Also interesting that I have not found this to be at all the case with
programming, which I learn much like anything else - a bit at a time with no
"leaps" in understanding.

------
larrydag
I couldn't agree more that is takes time to understand mathematics.
Mathematics is akin to riding a bicycle. It looks very difficult at first to
someone untrained and unpracticed. Yet the more and more repetition, and
getting up after falling down, it gradually becomes easier and a better grasp
of the mechanics.

For those wanting to learn mathematics I strongly urge use it everyday in a
small way. The preferably way to do that would be to include it in your
"work". When you apply the mathematics to the numbers you already know and
understand then it becomes clearer over time.

------
hcarvalhoalves
The problem with math is that very abstract concepts are introduced to
students just because it's part of a curriculum.
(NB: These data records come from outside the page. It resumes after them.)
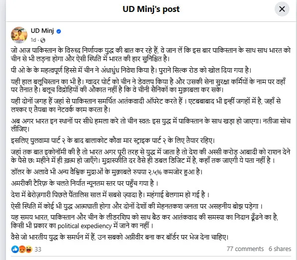 यूडी मिंज ने अपने पोस्ट में यह भी उल्लेख किया कि अगर भारत युद्ध करता है तो उसे न केवल पाकिस्तान से बल्कि चीन से भी लड़ना होगा। चीन ने पाकिस्तान के PoK और बलूचिस्तान में काफी निवेश किया है और वहां अपनी सैन्य तैनाती बढ़ा दी है। मिंज ने चेतावनी दी कि ऐसे में यदि भारत इन क्षेत्रों पर हमला करता है तो चीन स्वाभाविक रूप से पाकिस्तान का साथ देगा, जिससे युद्ध की स्थिति और भी जटिल हो जाएगी।
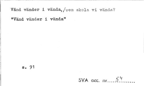 //// Vänd vänder i vända,/vem skola vi vända? "Vänd vänder i vända" //// s. 91 //// SVA ccc. nr. ////
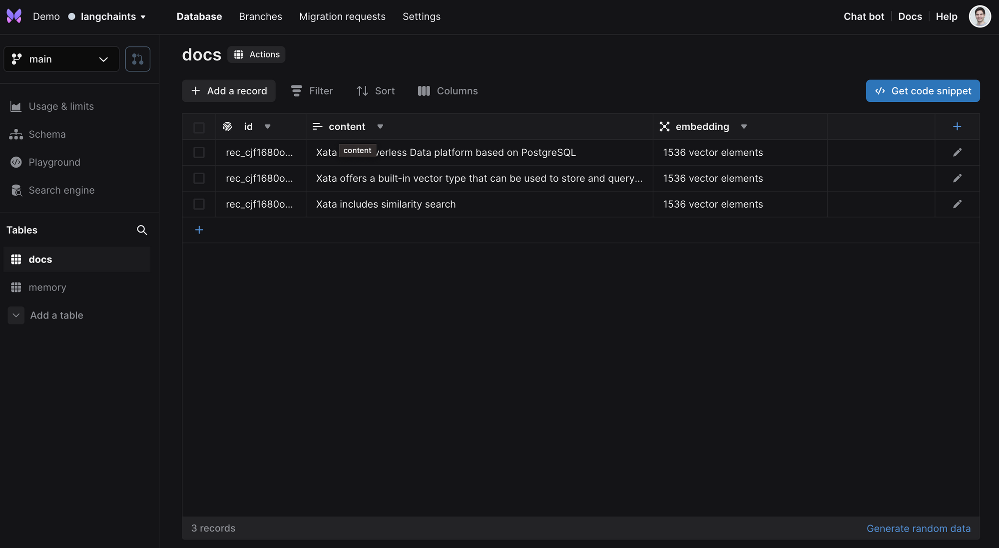 If you look at the data via the Xata UI while the example is running, you will see two tables: docs and memory. The docs table is populated with the documents from the vector store, having a content column and an embedding column of type vector:
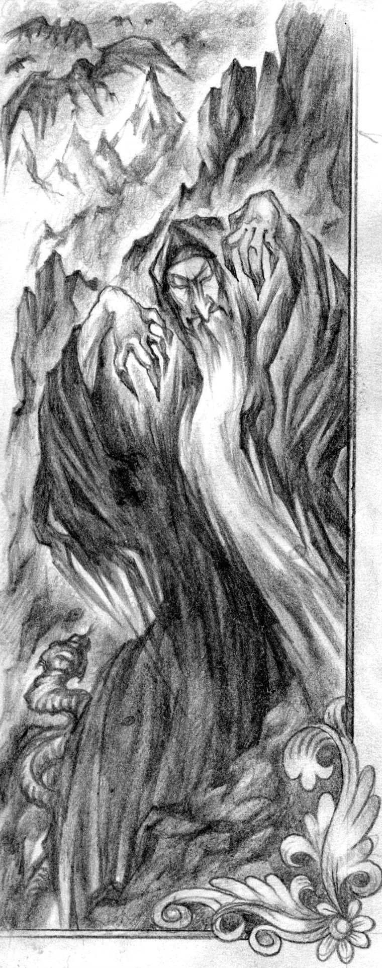 Внезапно нарастающий свист крыльев, приближающегося сзади зверя, прекратился. Гром, с опаской, обернулся. Грифон, опустившись на землю, смотрел со злобным взглядом куда-то на скалы, поверх его головы. Проследив взгляд чудовища, юноша увидел на скалистом выступе небольшого человечка, с бородою до колен.
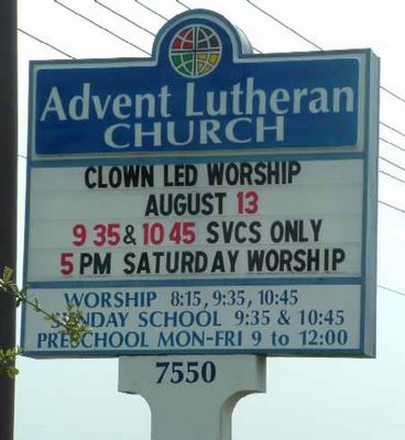 The Clowns are being featured at the 9:25 and 10:45 SerViCeS only so really the sign is saying “Don’t bother showing up on Saturday.”
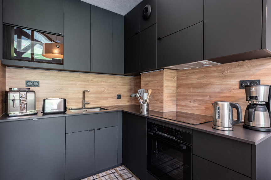 Una cocina americana totalmente renovada con vitrocerámica, frigorífico, horno, microondas, tostadora, lavavajillas, hervidor eléctrico y cafetera,
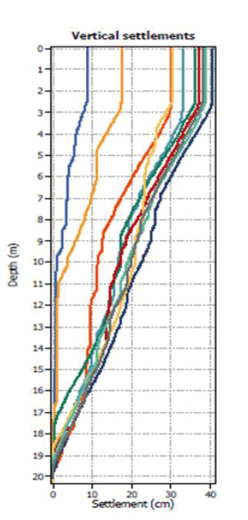 Figure 3: Using settlement graph of 10 CPTs to estimate SCRR treatment soil range.
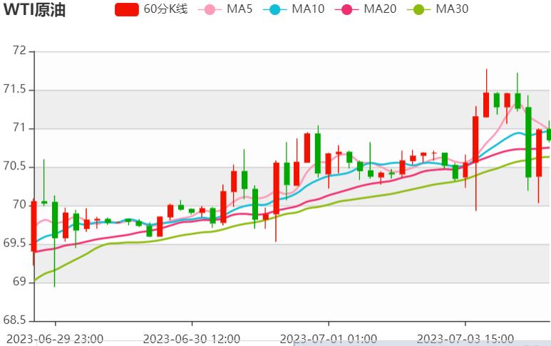 周一(7月3日),国际油价升创一周半新高,因全球最大的石油出口国沙特阿拉伯将减产期限延长至8月份,掩盖了对全球经济放缓和美联储可能进一步加息的担忧。
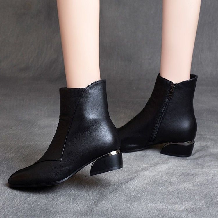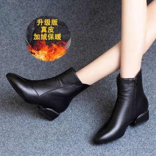 Осенне-зимние Новые короткие модные сапоги в Корейском стиле с острым носком на толстом каблуке, женские кожаные сапоги для зрелых мам, женские сапоги на среднем каблуке
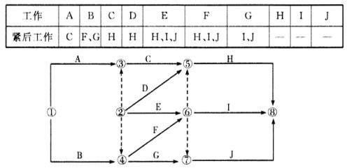 解析 图中有④②两个起点节点;虚工作⑥—⑤箭头的节点编号数字小于箭尾节点编号的数字;表格中工作G的紧后工作应该是I、J,而图上只表示出来工作G的紧后工作是J。

It would be the equivalent of
teaching Turing machines to accountants.

Math is full of rules of thumb. Some concepts rest on top of more fundamental
ones (e.g. infinitesimal calculus), but often this deeper reasoning is glossed
over or ignored completely.

To _really_ learn math is hard. To pass exams though, all you need to do is
memorize rules. Not everybody is comfortable with that, some people need more
concrete examples, or a better understanding of the big picture, to really
grasp a subject.

------
khet
Time is a factor in understanding almost any complicated concept but its far
from the main reason.

I think schools (or atleast the schools I was exposed to) have always focused
on solving theoretical puzzles without much context or understanding of how it
would be applied.

If more time was spent on understanding concepts and less time mindlessly
applying recipes and equations, perhaps learning math wouldn't be so
difficult.

------
lcargill99
I suspect that we could reorder some class offerings to improve the
"throughput" of a math program. I can divide my math education career into
before and after the semester I took the course based on Smith/Eggen/St.
Andre's "A transition To Advanced Mathematics." Mathematics _is_ proofs, and
knowing how to speak them is completely critical. After that course, I could
do mathematics much more easily than before. I feel that this book is
_fundamental_ to learning mathematics. And the majority of that is being
blooded in the art of proof by contradiction and proof by induction.

------
dschiptsov
Changing habits of thinking is a very long process.) It is as if you're re-
training some of your inner neural networks. Training takes time.)